4 Spine x 20 leaf = 80 P2P Links
80 links, with an IP address at each end = 160 P2P IP addresses
24 devices in total = 24 Lookpack IP addresses.
Total = 160 P2P IP + 24 Loopback IP = 184 IP Addresses

Also note that to conserve IP addresses, ‘IP unnumbered loopback 0’ for the P2P interfaces, may be used, which means 1 IP address per device.
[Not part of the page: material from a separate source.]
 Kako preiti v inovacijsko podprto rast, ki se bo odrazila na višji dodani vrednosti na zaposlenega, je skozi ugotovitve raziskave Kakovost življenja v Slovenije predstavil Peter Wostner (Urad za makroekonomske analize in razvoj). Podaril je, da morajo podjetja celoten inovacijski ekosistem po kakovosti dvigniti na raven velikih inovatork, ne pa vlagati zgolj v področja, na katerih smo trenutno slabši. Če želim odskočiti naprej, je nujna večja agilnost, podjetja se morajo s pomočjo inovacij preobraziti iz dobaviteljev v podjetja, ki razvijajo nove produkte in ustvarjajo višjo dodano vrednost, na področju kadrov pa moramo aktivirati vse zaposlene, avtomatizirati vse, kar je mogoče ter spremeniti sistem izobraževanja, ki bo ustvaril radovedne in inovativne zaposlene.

This should be seriously considered for large deployment, however for simplicity in this example I am going to utilise 2 Spine switches and 3 Leaf switches and thus a unique IP address everywhere, meaning I need to cater for:

2 Spine x 3 leaf = 6 P2P links x 2 = 12 P2P IP addresses + 6 Loopback IP addresses.

Also I am going to assume that in this example that the servers are utilising the 10/8 IP address range, and thus I have opted to use the 192.168/16 range for the Loopback interfaces which are also used as the Router ID and 172.16/12 IP address range for the physical layer 3 P2P interfaces.
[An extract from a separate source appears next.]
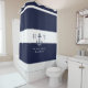 Nautical Navy Blue Anchor Coastal Monogram Name Shower Curtain

Also for reference whilst most of the thoery is independant of the vendor and hardware in this example I am using Cisco Nexus 9000 switches to implement this network technology, and as with all Nexus switches the features first need to be enabled, thus I have enabled the following:

Spine-1#show run | incl feature
feature nxapi
feature ospf
feature bgp
feature pim
feature interface-vlan
feature vn-segment-vlan-based
feature lacp
feature lldp
feature nv overlay

As the spine switches are the simplest to configure I’ll start there with the first spine switch. As mentioned, depending on how MAC address replication and flooding is configured in the environment multicast may be required. I’ll explain this in more detail later, but in this example I have enabled multicast and also nominated this spine switch as one of the RP, with the following commands.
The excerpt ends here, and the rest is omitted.